You could be much more selective in which processes you set fullsweep_after
to 0 and which ones you explicitly garbage collect.
I don't know if the is *the* problem but it is *a* problem you have.
Robert
On 22 January 2015 at 17:33, Roberto Ostinelli <roberto@REDACTED> wrote:
> Dear List,
> I'm having some troubles in pinpointing why a node is crashing due to
> memory issues.
> For info, when it crashes, it does not produce a crash dump.

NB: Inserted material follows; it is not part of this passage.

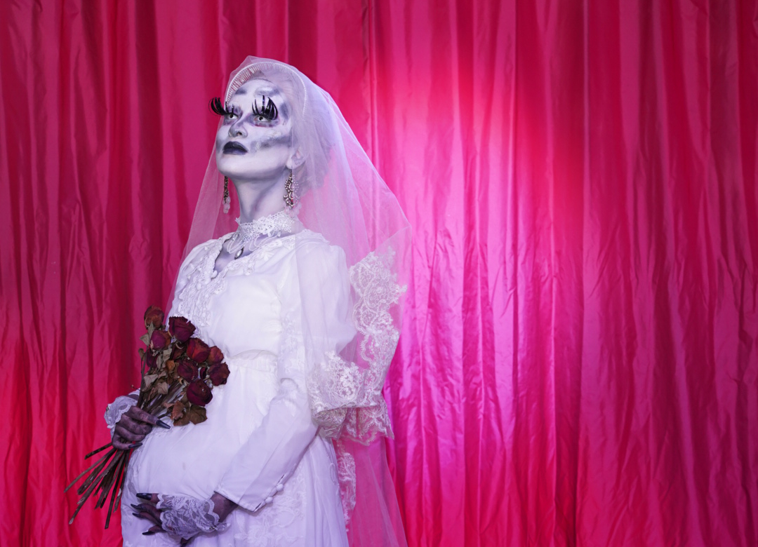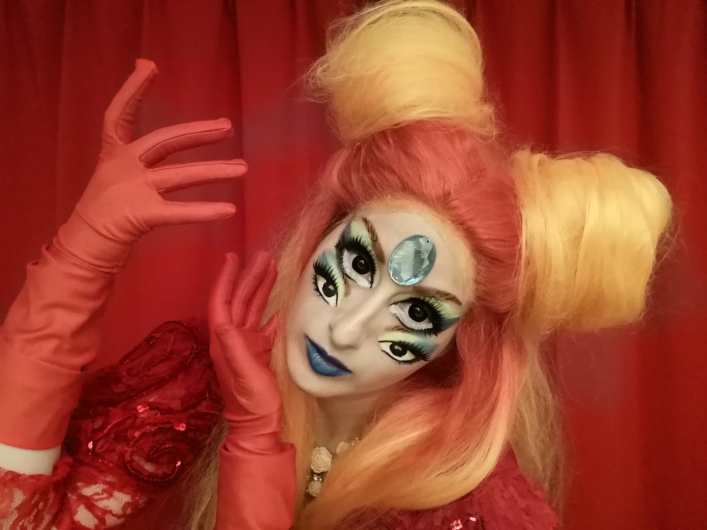 “It was almost drag,” she says. “I just needed eyebrows. Then I started watching Drag Race and blocking and redrawing my eyebrows. That’s when I began to think: ‘I am a drag artist.’ I created my character, Julia Your-Makeup-Is-Terrible, as a way of being the most over-the-top version of myself and also challenging myself to be more. Love, hate, beauty and ugliness, I want to show everything.”

However I've
> monitored live and I've seen the .beam process eat up all memory until it
> abruptly exits.
>
> The system is a big router that relays data coming from TCP connections,
> into other TCP connections.
> I'm using cowboy as the HTTP server that initiates the long-lived TCP
> connections.
>
> I've done all the obvious:
>
> - Checked the States of my gen_servers and processes.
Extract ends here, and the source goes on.